As major enterprises around the world begin to widely adopt kubernetes, we see that kubernetes is developing to a new stage. On the one hand, kubernetes is adopted by edge workloads and provides value beyond the data center. On the other hand, kubernetes is driving the development of machine learning (ML) and high-quality and high-speed data analysis performance.
The case of applying kubernetes to machine learning we know now mainly comes from a function in kubernetes 1.10. At that time, the graphics processing unit (GPUs) became a schedulable resource – this function is now in beta. Individually, both are exciting developments in kubernetes. What’s more exciting is that kubernetes can be used to adopt GPU in data center and edge. In the data center, GPU is a way to build ml library. Those trained libraries will be migrated to the edge kubernetes cluster as a reasoning tool for machine learning to provide data analysis as close to the data collection as possible.
Earlier, kubernetes provided a pool of CPU and ram resources for distributed applications. If we have CPU and ram pools, why can’t we have a GPU pool? Of course, there is no problem, but not all servers have GPUs. So, how can our server be equipped with GPU in kubernetes?
In this article, I’ll explain a simple way to use GPUs in kubernetes clusters. In future articles, we will also push the GPU to the edge and show you how to do this. In order to really simplify the steps, I will use the rancher UI to operate the process of enabling GPU. The rancher UI is just a client of rancher restful APIs. You can use clients of other APIs in gitops, Devops and other automation solutions, such as golang, Python and terraform. However, we will not explore these in depth in this article.
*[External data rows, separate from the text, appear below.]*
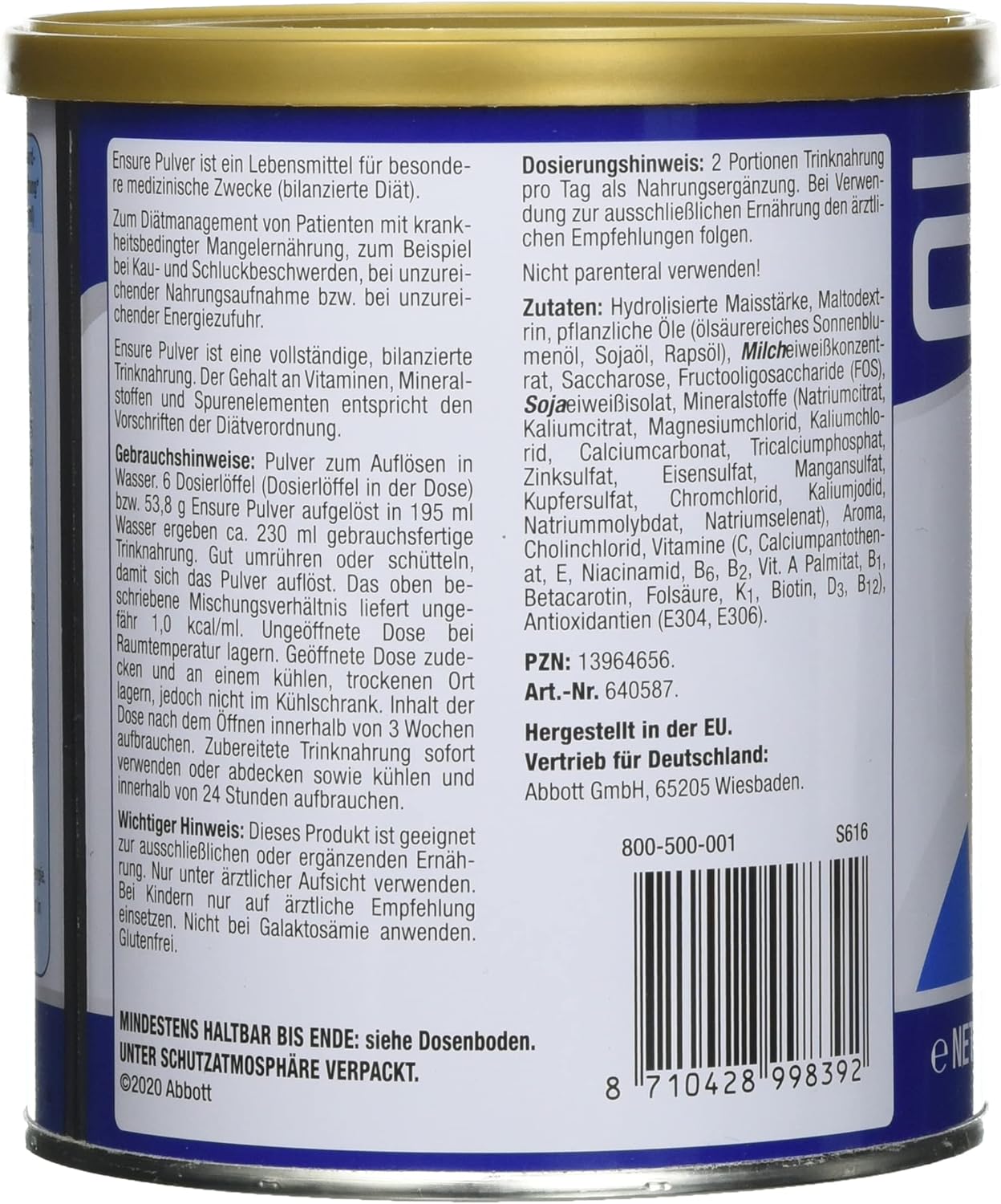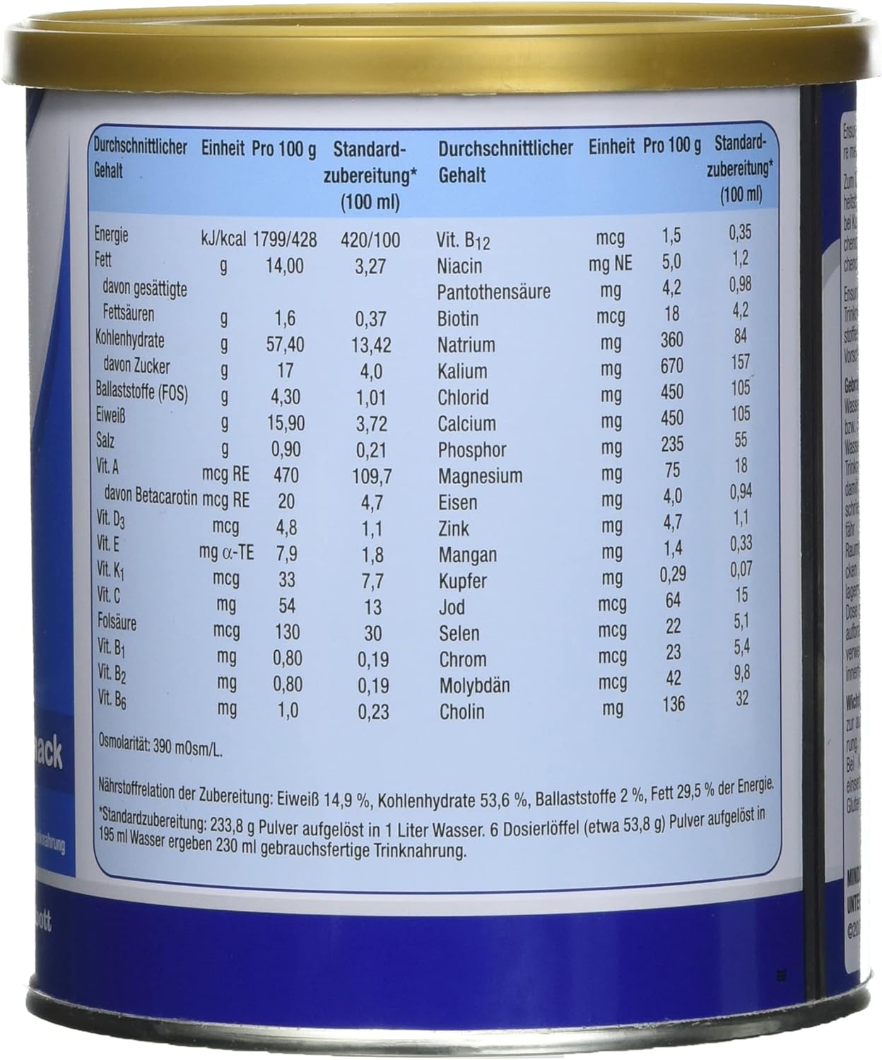 - Bảo vệ đường ruột, chống rối loạn tiêu hóa Bao bì mẫu mã thay đổi theo từng đợt nhập hàng Bao bì mẫu mã thay đổi theo từng đợt nhập hàng Thành phần Ensure Đức cho người già, người gầy yếu, suy dinh dưỡng Vanille Geschmask Protein sữa cô đặc, maltodextrin, dầu thực vật (dầu hướng dương giàu dầu, dầu đậu nành, dầu hạt cải), sucrose, fructo-oligosacarit (FOS), protein đậu nành cô lập, khoáng chất (natri citrat, kali citrat, magie clorua, kali clorua, tricalium photphat, Adfinfinfinfinfinfin, sunfat, mangan sunfat, đồng sunfat, kali iodua, natri molybdat, crom clorua, natri selenat), hương thơm, choline clorua, vitamin, (C, canxi pantothenate, E, nicotinamide, B6, B2, vitamin ). Một chất chống oxy hóa palmitate, B1, β-carotene, axit folic, K1, biotin, D3, B12): E304, E306, tinh bột ngô thủy phân. Đối tượng sử dụng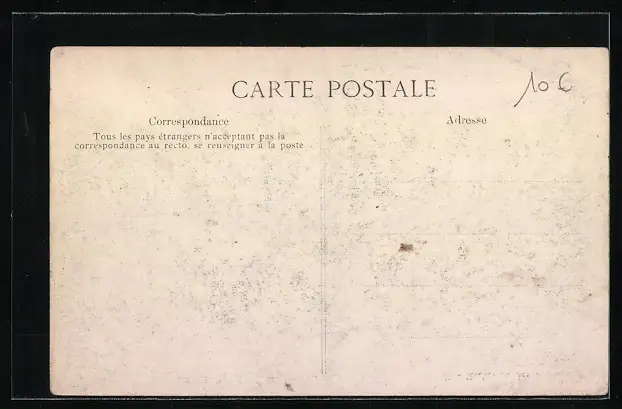 Personenbezogene Daten auf der Rückseite der Karte wurden durch blauen Textmarker unkenntlich gemacht. Die blauen Stellen sind auf die Vorderseite durchgeweicht und wirken sich negativ auf das Postkartenfoto aus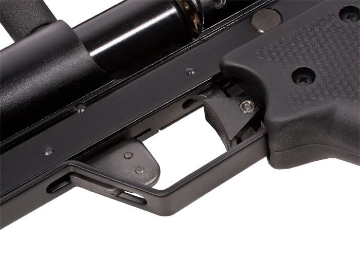 Being a PCP (pre-charged pneumatic) rifle, a pump or scuba refilll clamp must be purchased or you will not be able to fire your rifle. We recommend the AirForce pump to insure you get the maximum power out of your rifle with out having to lug around a Scuba tank or take it to get charged constantly after each outing when using the Scuba Refilll Clamp with Adapter. Both are excellent ways to charge your guns pneumatic system and get it ready for shooting. The Talon has many other highlights, like the easily adjustable power reel that is located on the barrel, a two-stage adjustable trigger and automatic safety as well as the ergonomic feel and overall light weight.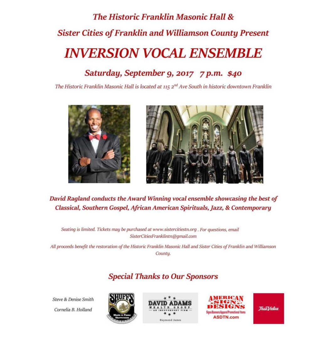 The Historic Franklin Masonic Hall & Sister Cities of Franklin and Williamson County Present INVERSION VOCAL ENSEMBLE Saturday, September 9, 2017 7 p.m. The Historic Franklin Masonic Hall is located at 115 2nd Ave South in historic downtown Franklin, TN. David Ragland conducts the Award Winning vocal ensemble showcasing the best of Classical, Southern Gospel, African American Spirituals, Jazz, & Contemporary.

In essence, the steps are very simple:
- Building infrastructure for kubernetes clusters
- Install kubernetes
- Installing GPU operator from Helm
Start and run using rancher and available GPU resources
Rancher is a multi cluster management solution and is the glue of the above steps. You can find a pure NVIDIA solution to simplify GPU management in NVIDIA’s blog, and some important information about the difference between GPU operator and building GPU driver stack without operator.
preparation in advance
The following is the bill of materials (BOM) required to start and run the GPU in the rancher:
In the official document, we have a special chapter on how to install rancher with high availability, so we assume that you have installed rancher:
Installing kubernetes clusters using GPUs
After installing rancher, we will first build and configure a kubernetes cluster (you can use any cluster with NVIDIA GPU).
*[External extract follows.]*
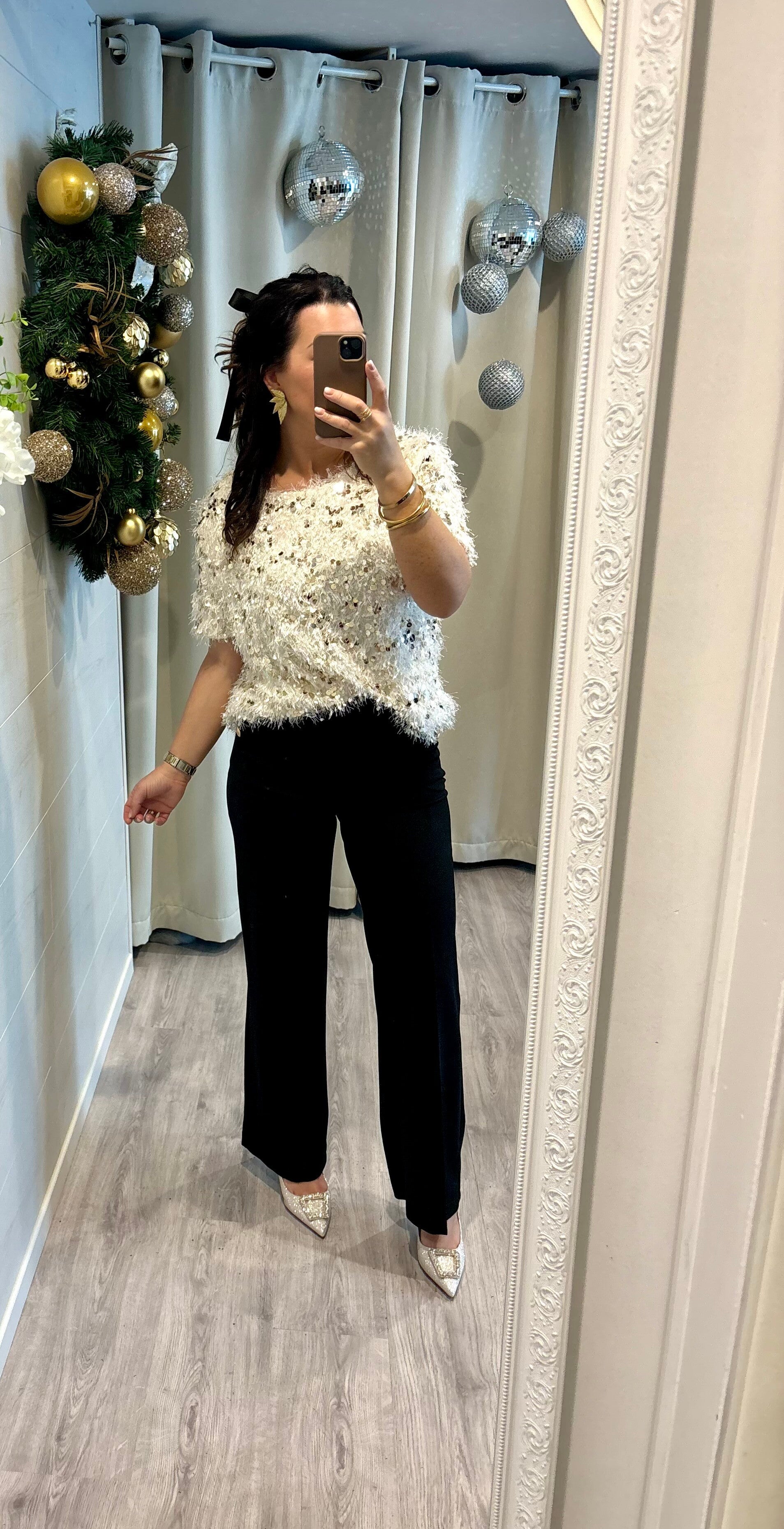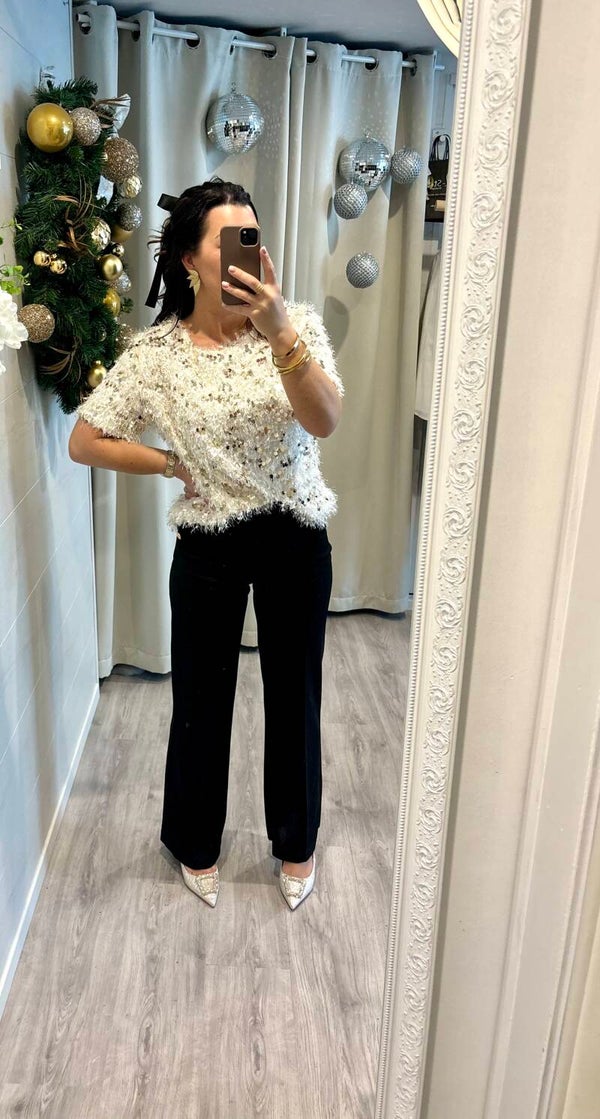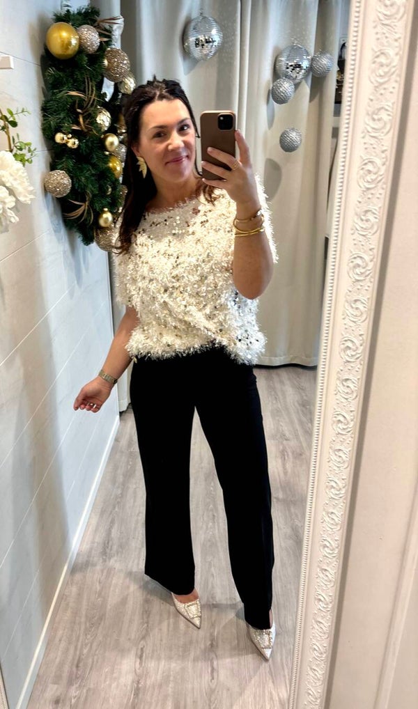 Notre blouse effet plume et strass dorés apporte une touche de glamour instantané. Légère, lumineuse et irrésistiblement chic — la pièce parfaite pour faire sensation. ✨

Using the global context, we select Add cluster
In the “hosts from cloud service providers” section, select Amazon EC2.
We implement this through node driven – a set of pre configured infrastructure templates, some of which have GPU resources.
Note that there are three node pools: one is for the master, one is for the standard worker node, and the other is for the worker with GPU. The template of GPU is based on p3.2xlarge machine type, using Ubuntu 18.04 Amazon machine image or AMI (ami-0ac80df6eff0e70b5). Of course, these choices vary according to the needs of each infrastructure provider and enterprise. In addition, we set the kubernetes option in the “add cluster” form to the default value.
Setting up GPU operator
Now we will use the GPU operator library（https://nvidia.github.io/gpu-operator）Set a catalog in the rancher. (there are other solutions to expose GPU, including using Linux for Tegra [l4t] Linux distribution or device plug-in). At the time of writing this article, GPU operator has been tested and verified by NVIDIA Tesla driver 440.
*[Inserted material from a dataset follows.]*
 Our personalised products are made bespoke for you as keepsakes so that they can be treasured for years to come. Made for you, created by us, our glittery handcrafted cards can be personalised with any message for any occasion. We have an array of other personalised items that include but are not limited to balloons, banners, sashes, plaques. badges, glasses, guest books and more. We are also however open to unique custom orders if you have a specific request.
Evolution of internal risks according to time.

Using the rancher global context menu, we select the cluster to install to:
Then use the tools menu to view the catalog list.
Click the add catalog button and name it, then add the URL:https://nvidia.github.io/gpu-operator
We chose helm V3 and cluster scope. We click create to add the catalog to the rancher. When using automation, we can use this step as part of the cluster build. According to the enterprise policy, we can add this catalog to each cluster, even if it does not have a GPU node or node pool. This step gives us the opportunity to access the GPU operator chart, which we will install next.
Now we want to use the rancher context menu in the upper left corner to enter the “system” project of the cluster. We have added the GPU operator function here.
In the system project, select apps:
Then click the launch button at the top right.
We can search for “NVIDIA” or scroll down to the catalog we just created.
Click GPU operator app, and then click launch at the bottom of the page.
In this case, all default values should be OK. Similarly, we can add this step to automation through rancher APIs.
Now that the GPU is accessible, we can deploy a GPU capable workload. At the same time, we can verify whether the installation is successful by viewing the page of Cluster – > nodes in the rancher. We can see that the GPU operator has installed node feature discovery (NFD) and labeled our nodes for GPU use.
The reason why kubernetes can run together with GPU with such a simple method is inseparable from these three important parts:
- NVIDIA’s GPU operator
- Node feature discovery (NFD) from kubernetes sig with the same name.
- Cluster deployment and catalog app integration of rancher
You are welcome to try according to this tutorial, and please continue to pay attention. In later tutorials, we will try to reference the GPU to the edge.